WHAT NEEDS TO BE DONE -
The expected output is the data below, character for character, without its pictures.

** INFORMATION SUPPLIED follows **

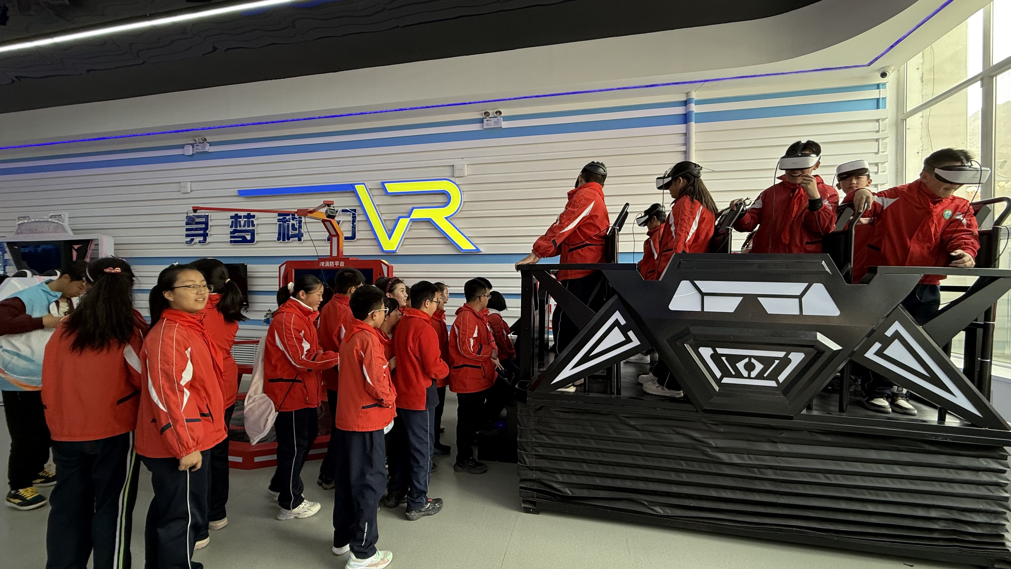 活动现场,孩子们身着统一的红色校服,在科普志愿者和带队老师的引导下,有序参观了科技馆各个展区。在基础科学互动展区,大家围在“怪坡”“听话的小球”等展品前,亲手操作、仔细观察,在直观的物理现象中感受力与运动的奥秘,脸上洋溢着好奇与兴奋;在VR体验区,孩子们戴上VR设备,坐上动感平台,沉浸式体验消防逃生、太空遨游等场景,在虚拟与现实的碰撞中学习应急避险知识,点燃航天探索热情;在生命科学与特色科普展区,大家通过互动装置了解人体奥秘、生态保护等知识,将科学原理与生活实际紧密相连。
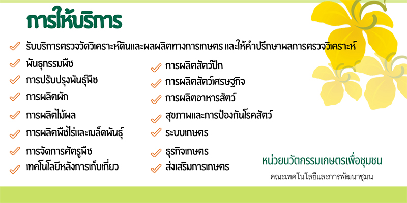- รับบริการตรวจวัดวิเคราะห์ดินและผลผลิตทางการเกษตรและให้คำปรึกษาผลการตรวจวิเคราะห์
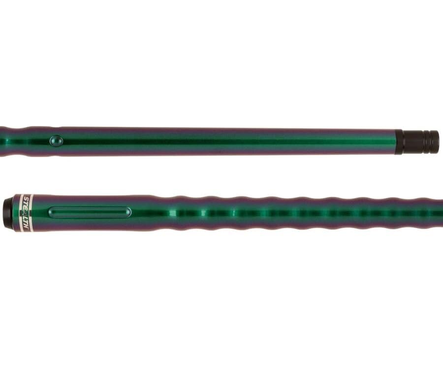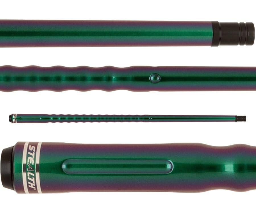 Stealth cues are popping out like crazy! They dropped a wicked pool cue with a color shifting "Chameleon" finish that shifts from Green to Purple. It catches the light in a beautiful way, it may absolutely be hard to look away. This cue of course has the iconic Dooley Handle for an ensured gorilla grip. This cue comes with jont protectors and is easily weight changable with the Action brand weight bolts.
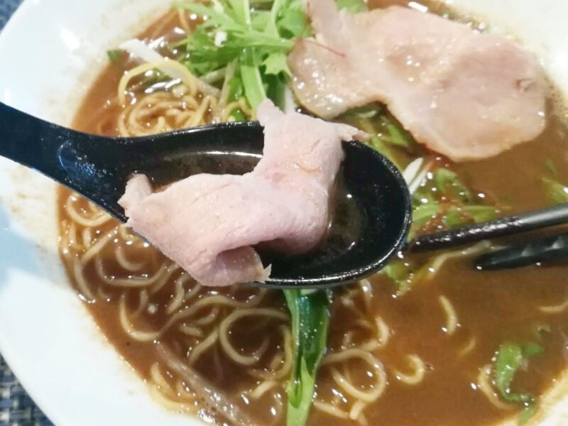「行雲流水(こううんりゅうすい)」のラーメンには、長時間低温調理したローストポークが添えられてきます。
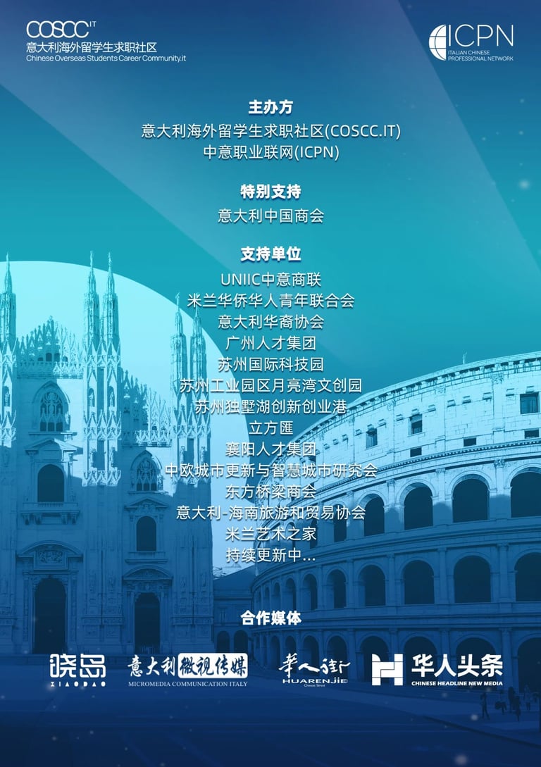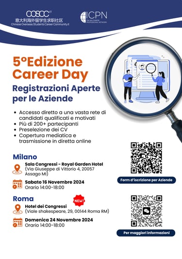 La 5^ Edizione del Career Day è co-organizzata da ICPN - Italian Chinese Professional Network, e COSCC - Chinese Overseas Students Career Community, che riunisce talenti di seconda e terza generazione provenienti da diversi settori professionali. Questa fiera continuerà a utilizzare un formato ibrido, combinando l' evento in presenza e trasmissione in diretta online, per offrire un'ampia piattaforma di comunicazione tra candidati e aziende reclutatrici.

** End of INFORMATION SUPPLIED **

FINISHED TASK -
 活动现场,孩子们身着统一的红色校服,在科普志愿者和带队老师的引导下,有序参观了科技馆各个展区。在基础科学互动展区,大家围在“怪坡”“听话的小球”等展品前,亲手操作、仔细观察,在直观的物理现象中感受力与运动的奥秘,脸上洋溢着好奇与兴奋;在VR体验区,孩子们戴上VR设备,坐上动感平台,沉浸式体验消防逃生、太空遨游等场景,在虚拟与现实的碰撞中学习应急避险知识,点燃航天探索热情;在生命科学与特色科普展区,大家通过互动装置了解人体奥秘、生态保护等知识,将科学原理与生活实际紧密相连。
- รับบริการตรวจวัดวิเคราะห์ดินและผลผลิตทางการเกษตรและให้คำปรึกษาผลการตรวจวิเคราะห์
 Stealth cues are popping out like crazy! They dropped a wicked pool cue with a color shifting "Chameleon" finish that shifts from Green to Purple. It catches the light in a beautiful way, it may absolutely be hard to look away. This cue of course has the iconic Dooley Handle for an ensured gorilla grip. This cue comes with jont protectors and is easily weight changable with the Action brand weight bolts.
「行雲流水(こううんりゅうすい)」のラーメンには、長時間低温調理したローストポークが添えられてきます。
 La 5^ Edizione del Career Day è co-organizzata da ICPN - Italian Chinese Professional Network, e COSCC - Chinese Overseas Students Career Community, che riunisce talenti di seconda e terza generazione provenienti da diversi settori professionali. Questa fiera continuerà a utilizzare un formato ibrido, combinando l' evento in presenza e trasmissione in diretta online, per offrire un'ampia piattaforma di comunicazione tra candidati e aziende reclutatrici.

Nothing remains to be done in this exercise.